If you want to parse a limited portion of an oversized HTML document instead of rejecting it entirely, use `truncate_on_limit=True`:

```py
# Parse only the first 100KB of a large HTML document
doc = Document(large_html, max_size_bytes=100_000, truncate_on_limit=True)
links = doc.select("a[href]")  # Will only find links in the first 100KB

# Also works with top-level functions
items = select(large_html, ".item", max_size_bytes=100_000, truncate_on_limit=True)
```

Note: Truncation happens at valid UTF-8 character boundaries to prevent encoding errors.

## API highlights

- `Document(html: str)` / `Document.from_html(html)` parse HTML for CSS and keep the DOM; XPath parsing is initialized lazily on first XPath query.
- `.select(css)` → `list[Element]`, `.select_first(css)` / `.find(css)` → first `Element | None`, `.css(css)` is an alias.
- `.xpath(expr)` / `.xpath_first(expr)` evaluate XPath expressions that return element nodes.
- `.prettify()` renders the current DOM as an indented string for readable output/debugging.
- `.text` returns normalized text; `Document.html` is the original input HTML; `Element.html` is inner HTML.
- `scraper_rs.asyncio` exposes async `parse`/`select`/`xpath` wrappers plus awaitable `AsyncDocument` / `AsyncElement` methods.
- `Element` exposes `.tag`, `.text`, `.html`, `.attrs` plus helpers `.attr(name)`, `.get(name, default)`, `.to_dict()`.
- Elements support nested CSS and XPath selection via `.select(css)`, `.select_first(css)`, `.find(css)`, `.css(css)`, `.xpath(expr)`, `.xpath_first(expr)`.
- Elements also expose `.prettify()` to format element HTML with indentation.
- Top-level helpers mirror the class methods: `parse(html)`, `prettify(html)`, `select(html, css)`, `select_first(html, css)` / `first(html, css)`, `xpath(html, expr)`, `xpath_first(html, expr)`.
- `max_size_bytes` lets you fail fast on oversized HTML; defaults to a 1 GiB limit.
- `truncate_on_limit` allows parsing a truncated version (limited to `max_size_bytes`) of oversized HTML instead of raising an error.
- Call `doc.close()` (or `with Document(html) as doc: ...`) to free parsed DOM resources when you're done.
- In async workflows, use `async with await scraper_rs.asyncio.parse(html) as doc: ...` for automatic `AsyncDocument` cleanup.

## Installation

Built wheels target `abi3` (CPython 3.10+). To build locally:

```sh
# Install maturin (uv is used in this repo, but pip works too)
pip install maturin

# Build a wheel
maturin build --release --compatibility linux

# Install the generated wheel
pip install target/wheels/scraper_rust-*.whl
```

If you have `just` installed, the repo includes helpers: `just build` (local wheel), `just install-wheel` (install the built wheel), and `just build_manylinux` (via the official maturin Docker image).

## Projects Using scraper-rs

- [**silkworm**](https://github.com/BitingSnakes/silkworm) - Async web scraping framework on top of Rust

## Development

Requirements: Rust toolchain, Python 3.10+, `maturin`, `pytest`, and `pytest-asyncio` for tests.

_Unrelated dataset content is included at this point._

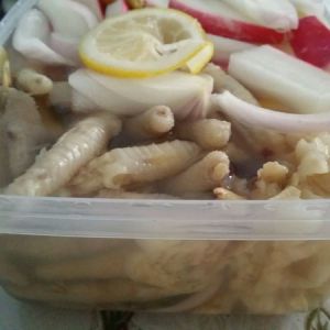 把洗干净剪掉指甲的鸡爪用料酒、少许盐码了一下,想去下腥。

- Run tests: `just test` or `uv run pytest tests/`
- Format code: `just fmt` (or `cargo fmt --all` and `uv run ruff format`)
- Lint Rust: `just lint` (or `cargo clippy --all-targets --all-features -- -D warnings`)
- The PyO3 module name is `scraper_rs`; the Rust crate is built as `cdylib`.

Contributions and issues are welcome. If you add public API, please extend `tests/test_scraper.py` and the example script accordingly.